Look for the line containing "报告期末,公司资产总额为67" and the line containing "Ingredients: highest-grade wheat" in the entries below. Copy those two and all lines between them exactly, leaving out pictures.
SUPPLIED INFORMATION: Begin
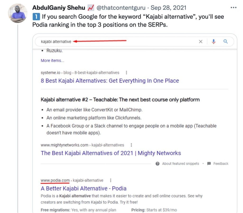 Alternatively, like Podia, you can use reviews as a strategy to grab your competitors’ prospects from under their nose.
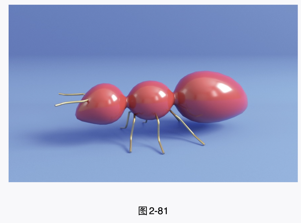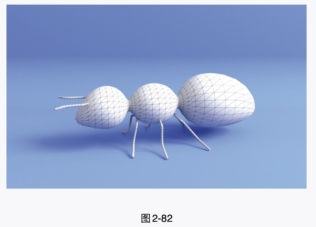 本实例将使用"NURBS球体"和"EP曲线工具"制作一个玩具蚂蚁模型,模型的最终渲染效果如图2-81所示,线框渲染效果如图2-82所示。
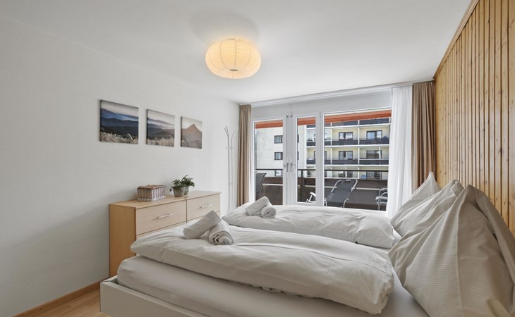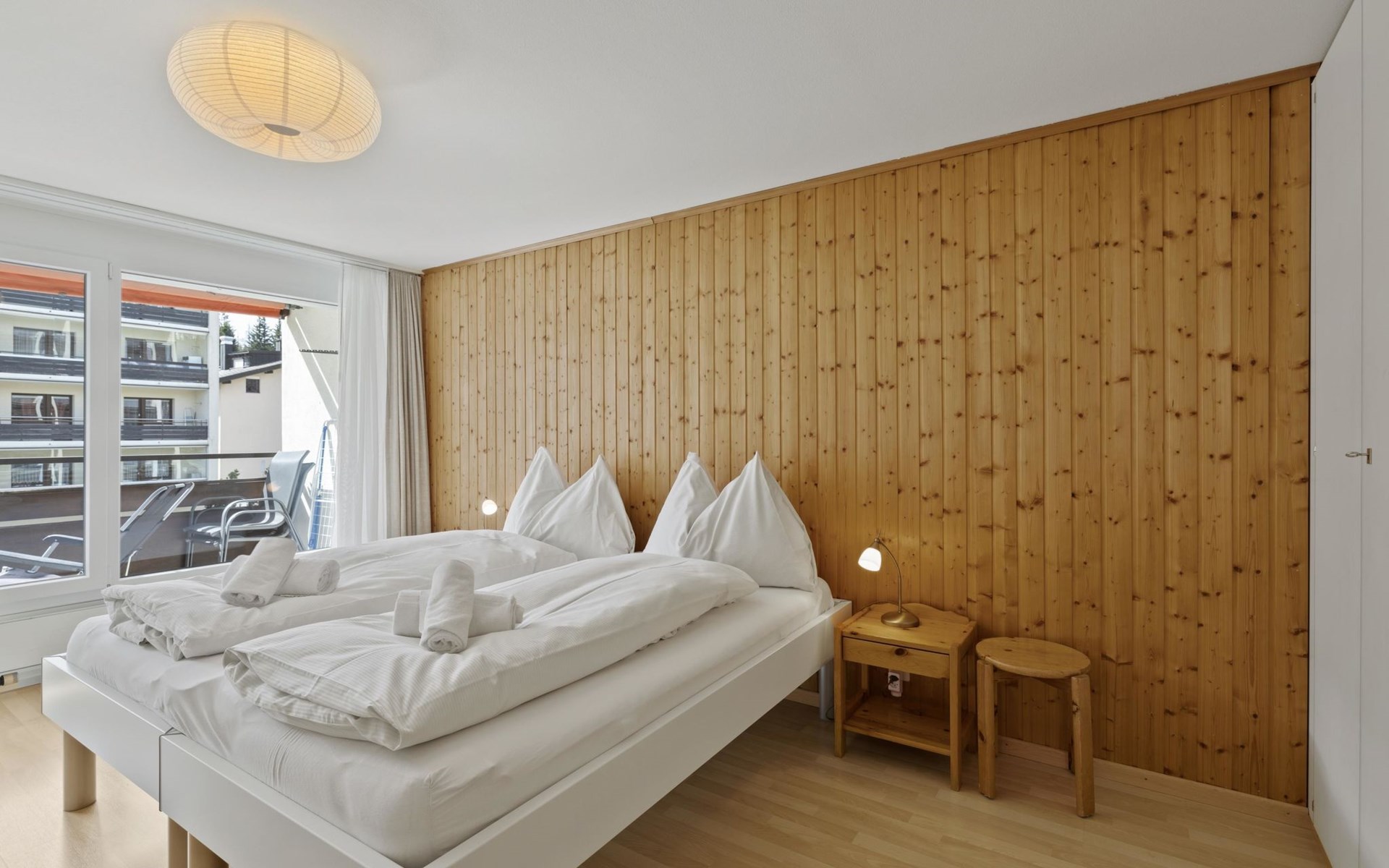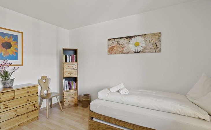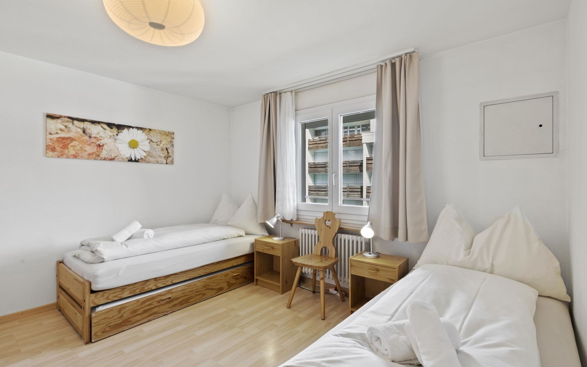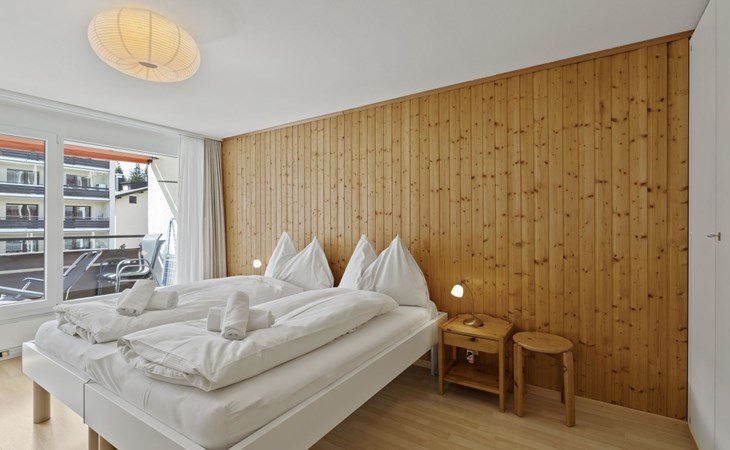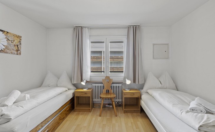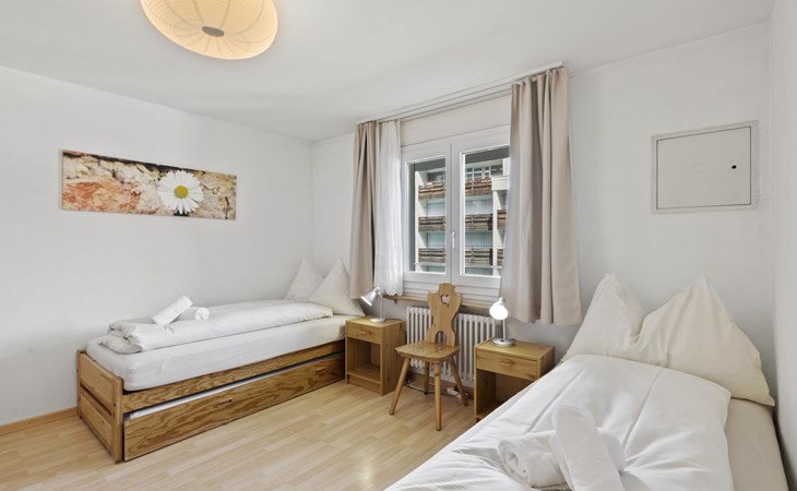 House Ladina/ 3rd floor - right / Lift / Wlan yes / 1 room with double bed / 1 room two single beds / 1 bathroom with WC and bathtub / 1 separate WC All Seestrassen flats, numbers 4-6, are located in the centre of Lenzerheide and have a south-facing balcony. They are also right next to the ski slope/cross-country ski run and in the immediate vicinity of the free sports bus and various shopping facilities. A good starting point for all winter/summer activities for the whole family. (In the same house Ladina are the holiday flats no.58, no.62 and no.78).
SUPPLIED INFORMATION: End
SUPPLIED INFORMATION: Begin
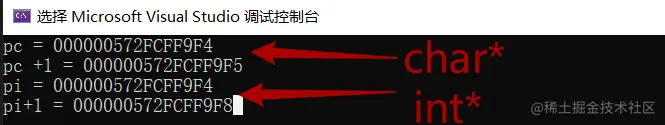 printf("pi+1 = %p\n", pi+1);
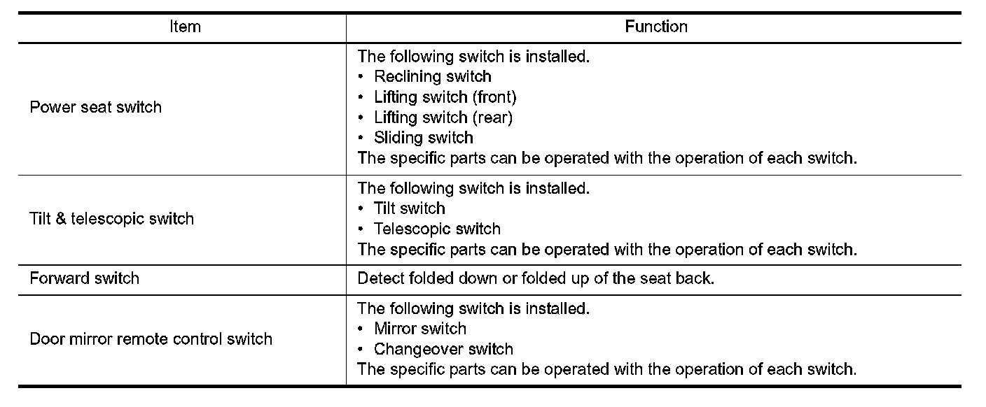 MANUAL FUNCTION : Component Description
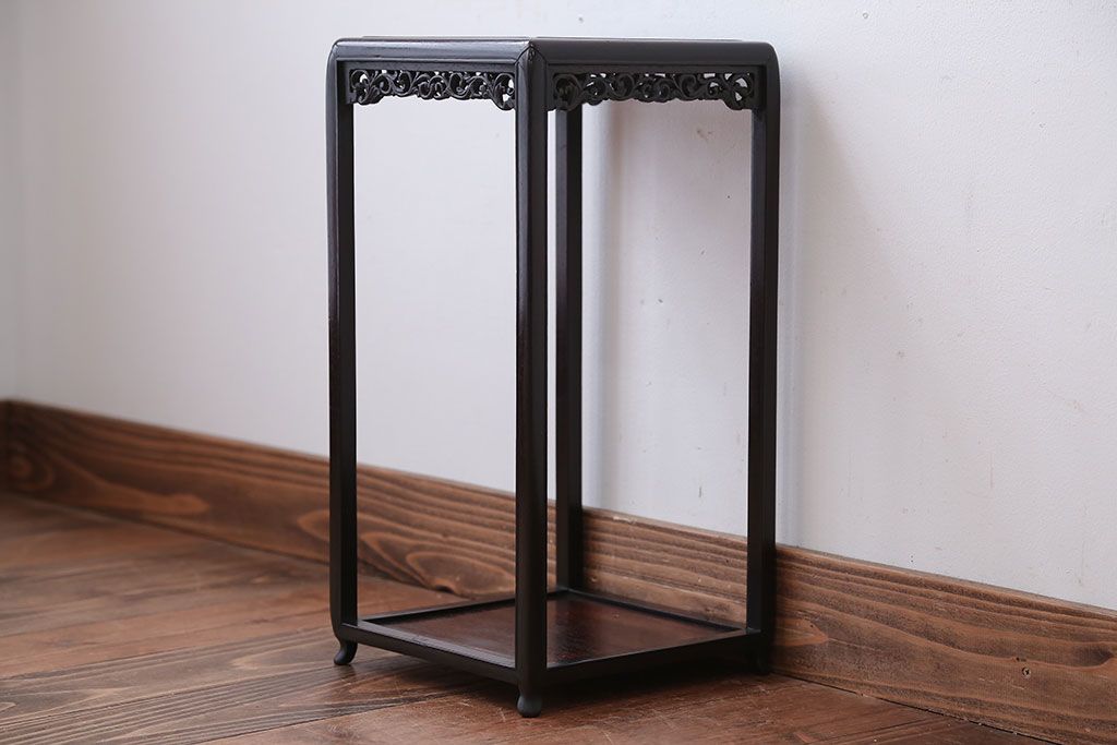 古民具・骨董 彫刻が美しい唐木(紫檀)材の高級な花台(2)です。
SUPPLIED INFORMATION: End
SUPPLIED INFORMATION: Begin
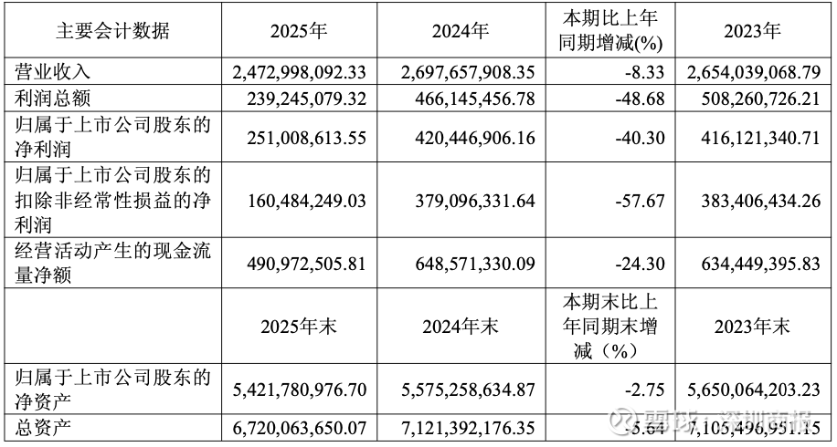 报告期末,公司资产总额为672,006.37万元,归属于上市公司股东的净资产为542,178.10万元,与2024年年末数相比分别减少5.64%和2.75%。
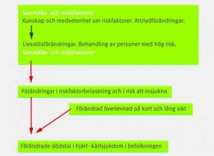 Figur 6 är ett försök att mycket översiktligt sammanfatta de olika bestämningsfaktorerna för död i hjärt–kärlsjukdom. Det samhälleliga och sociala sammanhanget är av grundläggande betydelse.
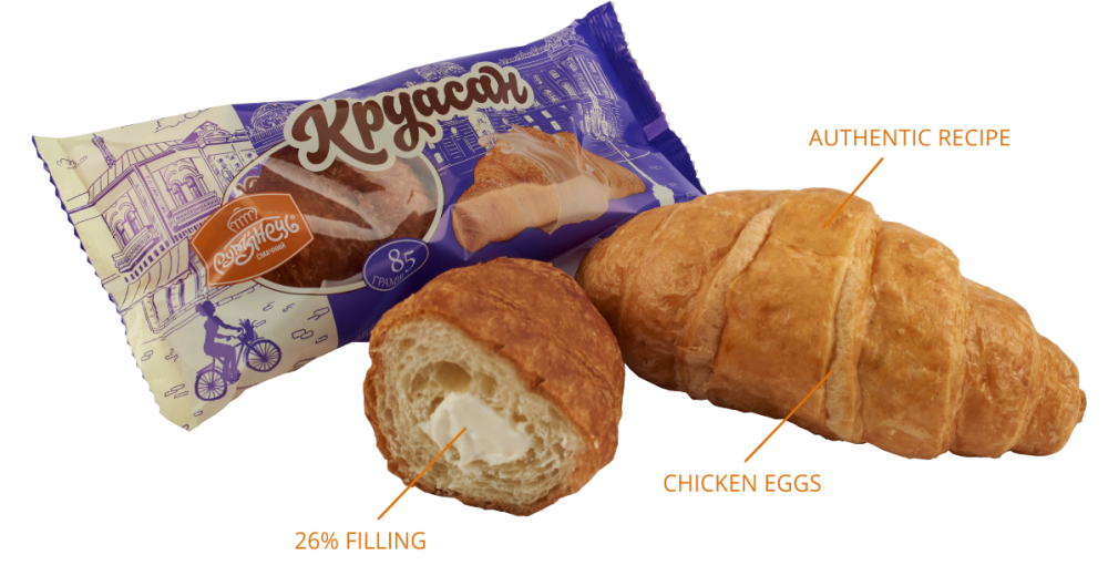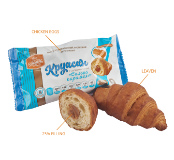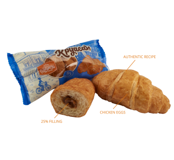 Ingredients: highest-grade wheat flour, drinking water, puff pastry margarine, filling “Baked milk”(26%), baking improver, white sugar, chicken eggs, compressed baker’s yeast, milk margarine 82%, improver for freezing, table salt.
SUPPLIED INFORMATION: End
REPLY.
 报告期末,公司资产总额为672,006.37万元,归属于上市公司股东的净资产为542,178.10万元,与2024年年末数相比分别减少5.64%和2.75%。
 Figur 6 är ett försök att mycket översiktligt sammanfatta de olika bestämningsfaktorerna för död i hjärt–kärlsjukdom. Det samhälleliga och sociala sammanhanget är av grundläggande betydelse.
 Ingredients: highest-grade wheat flour, drinking water, puff pastry margarine, filling “Baked milk”(26%), baking improver, white sugar, chicken eggs, compressed baker’s yeast, milk margarine 82%, improver for freezing, table salt.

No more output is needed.